The best thing about the above two methods of passive investing in cryptocurrencies is that there is almost zero risk involved. Here’s everything you need to know about crypto staking and yield farming and which one is best for you.

What is Yield Farming in Cryptocurrencies?
Yield Farming is the process of increasing your crypto holdings by lending your tokens to those who need them and earning interest for the same.

The process basically involves users lending their coins to create or grow the liquidity pool on a DeFi (decentralized finance) platform, which is then used to lend crypto to others who wish to trade or use it.

The platforms usually pay interest to lenders who deposit their crypto in the liquidity pool. The interest can be paid in the form of tokens or special tokens called LP tokens.

For example, you can start with the Pure Oxygen coin. The platform allows you to lend your Pure Oxygen coins to earn interest. The same will be used to create a liquidity pool for crypto traders. You can stake your coins as well as participate in yield farming of Pure Oxygen coins for maximum benefits.

What is Staking?
Staking is a method of validating transactions on a blockchain that uses the Proof of Stake (PoS) mechanism.
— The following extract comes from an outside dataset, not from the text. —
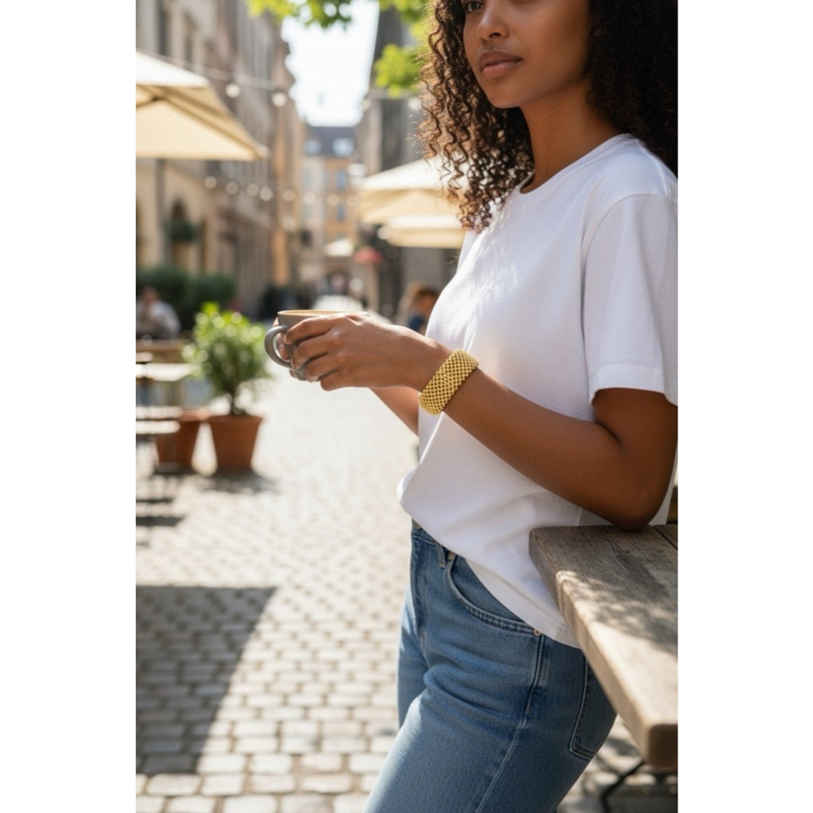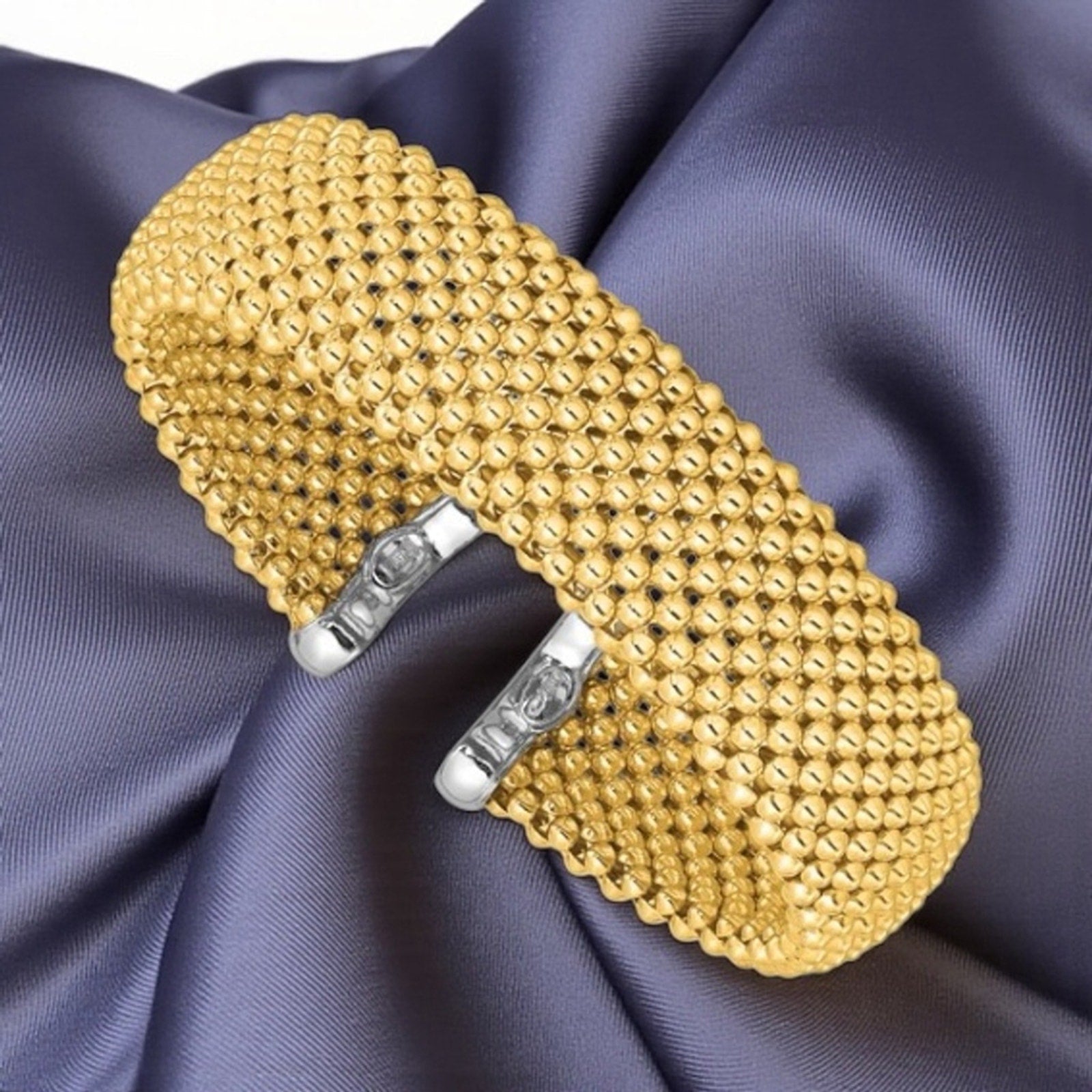 * Unique Texture: A beautifully Beaded texture covers the width of the bracelet, giving it a luxurious, mesh-like feel and appearance.

Unlike Proof of Work, the PoS mechanism allows people to stake their tokens to set up nodes and validate transactions. This method is much more efficient in terms of energy consumption and set-up cost.

Staking doesn’t require you to invest in a costly hardware setup like mining. All you need to have is tokens that you can stake (lock in the contract), which allows you to act as a validator to validate the upcoming transactions in the network and earn the verification fee as your reward.

Staking Vs Yield Farming: What to do?
Yield farming allows you to grow both the number and value of your crypto. You earn interest on crypto, which gets you more tokens, plus your contribution to the liquidity pool enables many others to trade the token, thereby increasing its value over time.

Staking also lets you earn money from your crypto. You can easily earn an annual interest in the range of 7% to 12% through staking depending on which tokens you hold.

Another benefit of staking is that it allows you to contribute to saving the environment by not participating in the mining of cryptocurrencies, which is a more energy-intensive and costly process of generating new cryptocurrencies.